→ Your objective
Repeat each entry exactly; omit all pictures.

Content starts

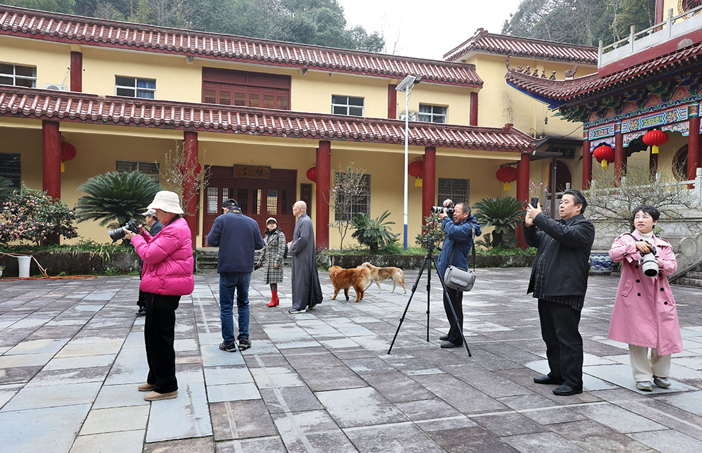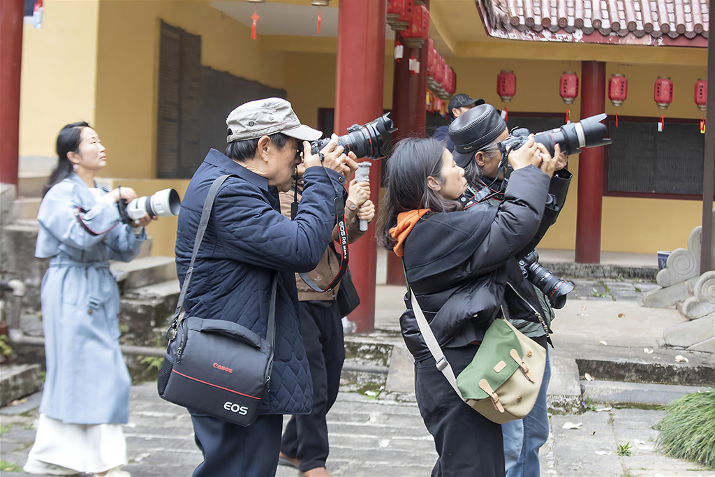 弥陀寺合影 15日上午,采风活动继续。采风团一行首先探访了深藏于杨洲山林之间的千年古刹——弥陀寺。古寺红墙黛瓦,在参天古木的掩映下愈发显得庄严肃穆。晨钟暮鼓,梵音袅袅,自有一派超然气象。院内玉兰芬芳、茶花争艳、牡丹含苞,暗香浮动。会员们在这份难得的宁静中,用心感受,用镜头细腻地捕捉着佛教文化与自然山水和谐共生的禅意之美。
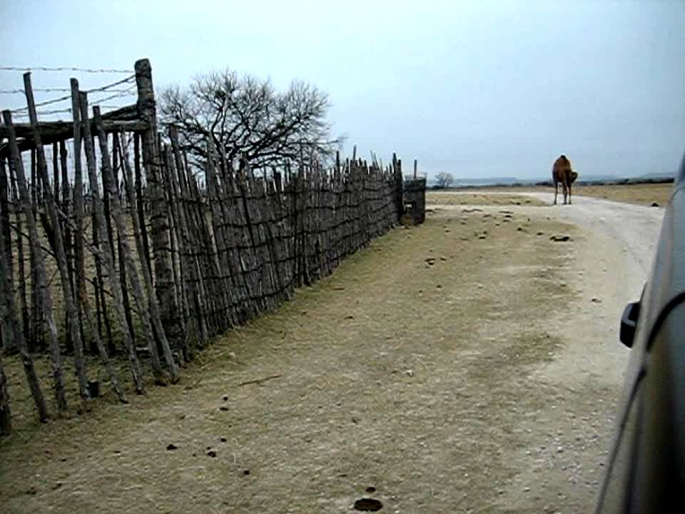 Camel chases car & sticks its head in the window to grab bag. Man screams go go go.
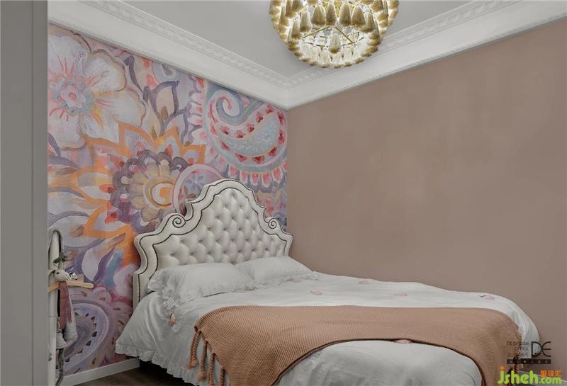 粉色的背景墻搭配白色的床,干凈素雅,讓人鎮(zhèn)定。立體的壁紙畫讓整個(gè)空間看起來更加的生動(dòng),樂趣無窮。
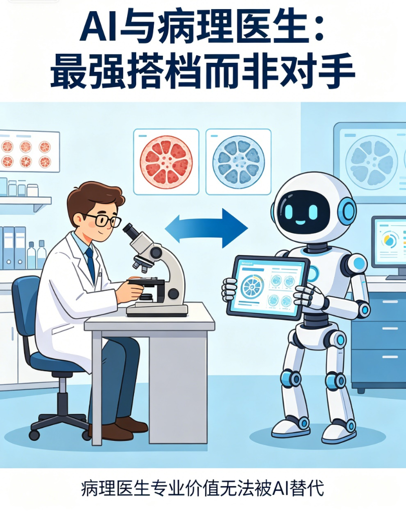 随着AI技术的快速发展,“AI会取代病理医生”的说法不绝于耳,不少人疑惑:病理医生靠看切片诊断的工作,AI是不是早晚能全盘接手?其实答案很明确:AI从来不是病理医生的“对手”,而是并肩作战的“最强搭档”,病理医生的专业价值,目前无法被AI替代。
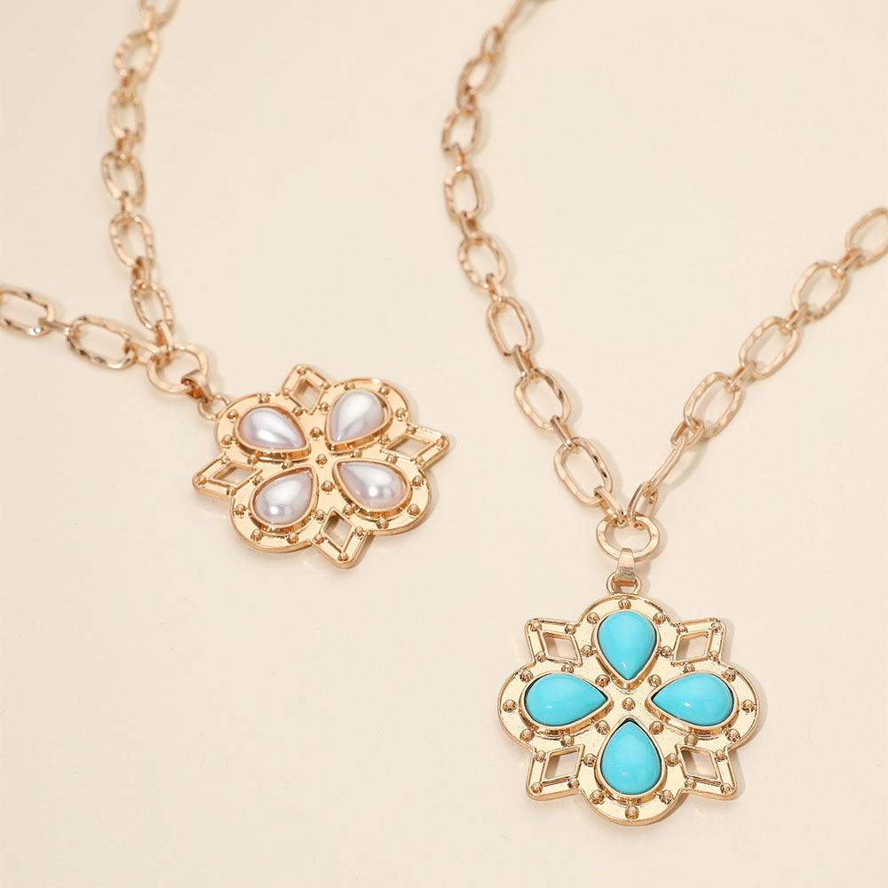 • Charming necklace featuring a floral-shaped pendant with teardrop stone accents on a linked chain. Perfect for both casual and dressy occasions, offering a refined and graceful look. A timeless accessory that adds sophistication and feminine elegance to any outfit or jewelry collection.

Content ends

→ Response area
 弥陀寺合影 15日上午,采风活动继续。采风团一行首先探访了深藏于杨洲山林之间的千年古刹——弥陀寺。古寺红墙黛瓦,在参天古木的掩映下愈发显得庄严肃穆。晨钟暮鼓,梵音袅袅,自有一派超然气象。院内玉兰芬芳、茶花争艳、牡丹含苞,暗香浮动。会员们在这份难得的宁静中,用心感受,用镜头细腻地捕捉着佛教文化与自然山水和谐共生的禅意之美。
 Camel chases car & sticks its head in the window to grab bag. Man screams go go go.
 粉色的背景墻搭配白色的床,干凈素雅,讓人鎮(zhèn)定。立體的壁紙畫讓整個(gè)空間看起來更加的生動(dòng),樂趣無窮。
 随着AI技术的快速发展,“AI会取代病理医生”的说法不绝于耳,不少人疑惑:病理医生靠看切片诊断的工作,AI是不是早晚能全盘接手?其实答案很明确:AI从来不是病理医生的“对手”,而是并肩作战的“最强搭档”,病理医生的专业价值,目前无法被AI替代。
 • Charming necklace featuring a floral-shaped pendant with teardrop stone accents on a linked chain. Perfect for both casual and dressy occasions, offering a refined and graceful look. A timeless accessory that adds sophistication and feminine elegance to any outfit or jewelry collection.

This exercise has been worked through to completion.